Deze verdeling leidt er toe dat voor de bepaling of een afstemming van het recht op bijstand van toepassing is, een zo maximaal mogelijk duidelijk kader is gecreëerd, dat niet voor misinterpretatie vatbaar is. De gedragingen welke zijn ondergebracht in de artikelen 2.3, 2.4 en 2.5, worden in vijf categorieën of vormen onderscheiden. Vanuit het kader dat er sprake dient te zijn van een evenwichtige afstemming met hanteerbare gradaties is er voor vijf categorieën of vormen gekozen. Bij de indeling is er vanuit gegaan dat de ernst van het feit toeneemt naarmate de gedraging grotere concrete gevolgen heeft voor de arbeidsinschakeling van belanghebbende of het behouden van betaald werk. De ernst van de verwijtbare gedraging is derhalve het onderscheidende criterium. Er is gekozen een systematiek te hanteren dat leidt tot een effectief, passend, correct en sociaal verantwoord antwoord op de verwijtbare gedragingen van de belanghebbende. Dit heeft tot gevolg dat de nadruk komt te liggen op de hoogte van de financiële consequentie die het verwijtbare gedrag tot gevolg heeft, en niet op de duur van deze consequentie.

Artikel 2.3 eerste lid

De verwijtbare gedragingen in de eerste categorie is onder te brengen in de fase van het niet nakomen van de formele verplichting die op belanghebbende rust om als werkzoekende ingeschreven te staan bij het UWV WERKbedrijf, en de inschrijving tijdig te verlengen. Indien belanghebbende dit nalaat kan er geen optimale arbeidsinschakeling plaats vinden.

artikel 2.3 tweede lid

De verwijtbare gedragingen in de tweede categorie zijn onder te brengen in de fase van arbeidsinpassing die is aan te merken als de fase waarin er sprake kan zijn van situaties welke tijdelijk de arbeidsinschakeling belemmeren.
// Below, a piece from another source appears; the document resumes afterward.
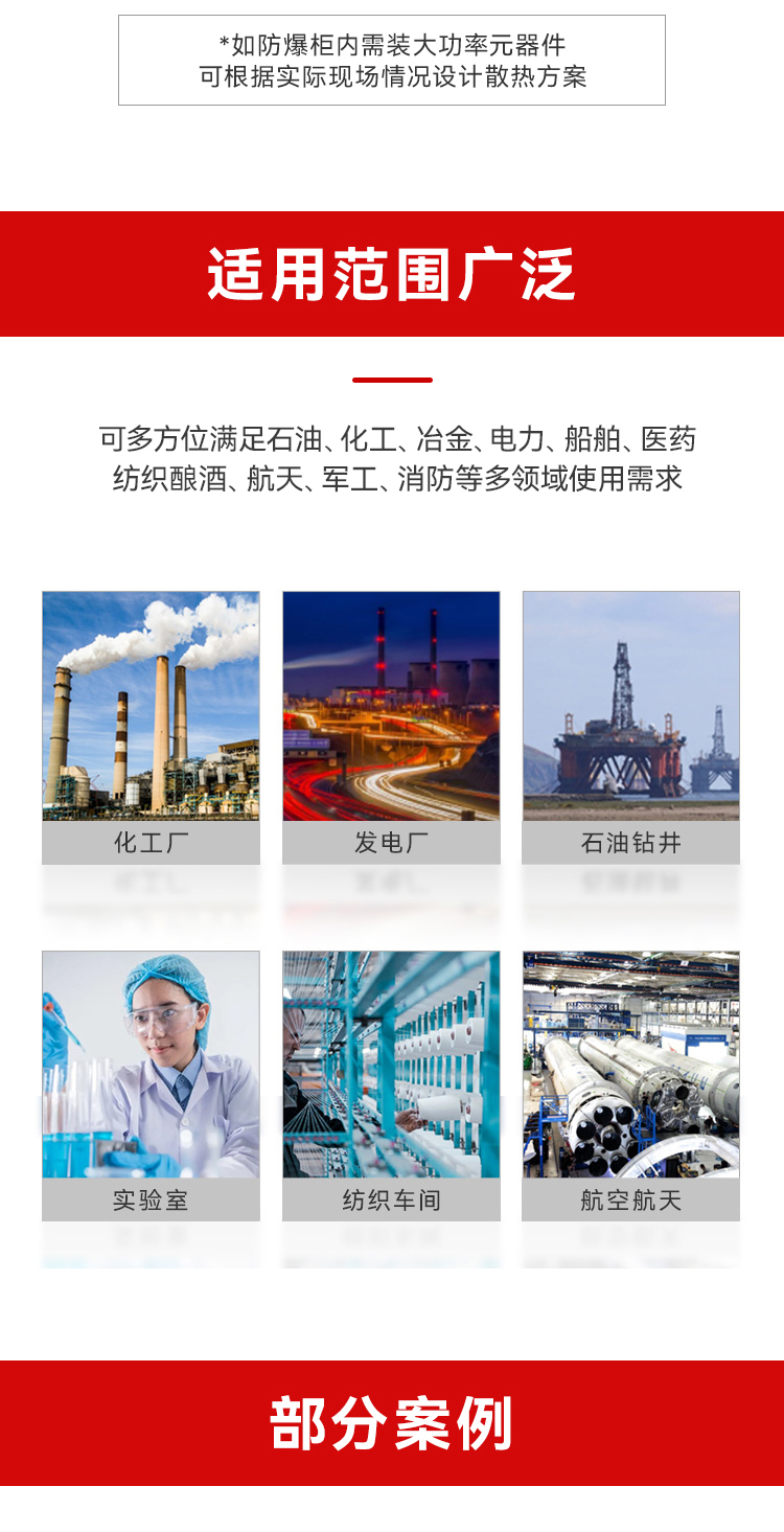 适用场景 | 化工、炼油、石油开采、天然气、医药、纺织、海洋石油平台、冶金、消防等爆炸性危险场所 | ||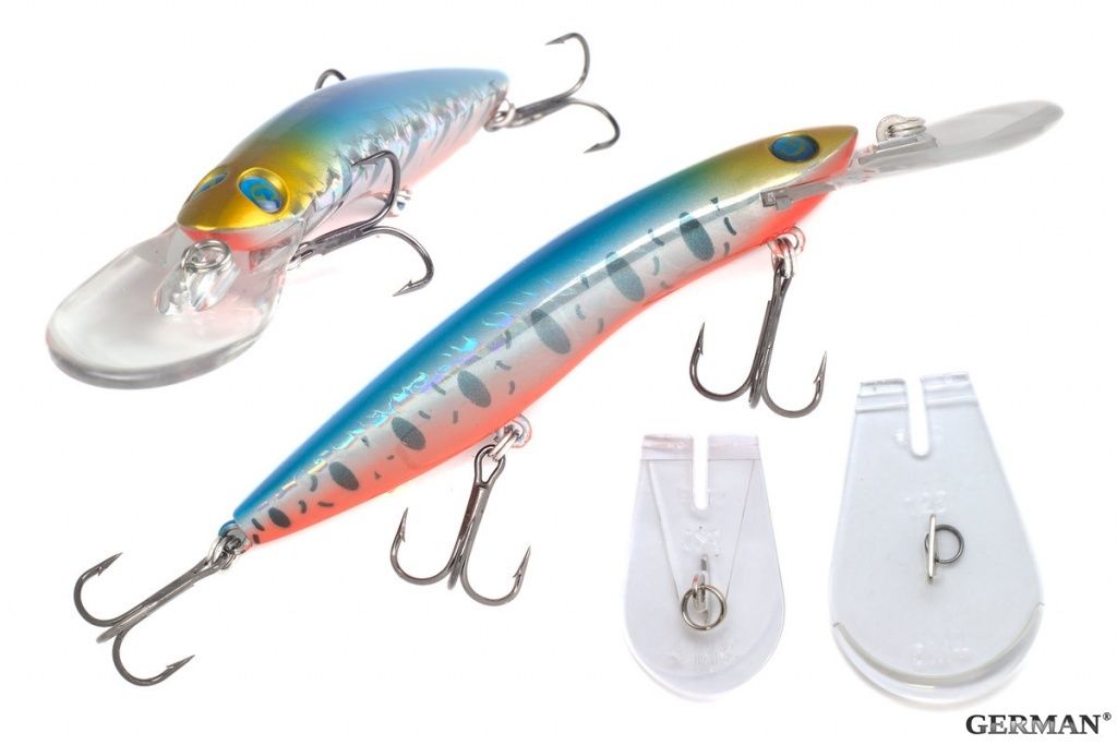 Одна из топовых линеек троллинговых воблеров воблеров от компании GERMAN. Почему топовый? потому что это одна из немногих удачных копий мирового воблера Halco SORCERER. Рекомендуемый объект ловли - щука, судак, крупный окунь, иногда сом. Поставляется с 3 сменными лопатками, 3+, 5+,8+

Het niet doorgeven van wijzigingen en/of opheffing of juist ontstaan van belemmeringen kan er toe leiden dat geen gerichte actie plaats kan vinden in het kader van arbeidsinschakeling. Hierdoor wordt de kans op deelname aan de arbeidsinschakeling verkleind. Het niet ondertekenen of retourneren van een trajectovereenkomst valt eveneens in de tweede categorie daar ook deze verwijtbare gedraging onnodig leidt tot een verkleining van de kansen op arbeidsinschakeling. Tot slot is het niet voldoen aan de aan de verlening van de bijstand verbonden nadere verplichtingen ondergebracht in de tweede categorie daar dit verwijtbaar gedrag kan leiden tot het gedeeltelijk onnodig verlenen van bijstand.

Artikel 2.3 derde lid

De verwijtbare gedragingen in de derde categorie zijn onder te brengen in de fase van arbeidsinpassing die is aan te merken als de fase waarin onderzocht wordt hoe en op welke wijze belanghebbende ondersteund dient te worden in de wijze waarop de arbeidsinschakeling gerealiseerd kan worden. De verwijtbare gedragingen in de derde categorie kunnen aanleiding zijn tot een beroep op bijstand of het onnodig langer voortduren daarvan. Het gaat hierbij, zowel om niet verantwoorde beperkingen die de belanghebbende stelt te hebben ten aanzien van de voor hem aanvaardbare algemeen geaccepteerde arbeid, als om gedragingen die de kansen op het bepalen van de inzet van de juiste instrumenten in het

kader van de arbeidsinschakeling verminderen. In deze categorie is ook ondergebracht het verwijtbaar gedrag met betrekking tot de voor de inburgeringsplichtige geldende verplichting als is omschreven in artikel 25 lid 4 Wet Inburgering (WI) daar deze verplichting gelijke strekking heeft met de in de derde categorie omschreven verwijtbare gedragingen.

Artikel 2.3 vierde lid

De verwijtbare gedragingen in de vierde categorie zijn onder te brengen in de fase van arbeidsinpassing die is aan te merken als de fase waarin al is vastgesteld hoe en op welke wijze belanghebbende ondersteund dient te worden in de wijze waarop de arbeidsinschakeling gerealiseerd kan worden. Het gaat hierbij om gedragingen die aan te merken zijn als het niet of onvoldoende meewerken aan een traject of andere aangewezen activiteiten die de zelfstandige bestaansvoorziening bevorderen.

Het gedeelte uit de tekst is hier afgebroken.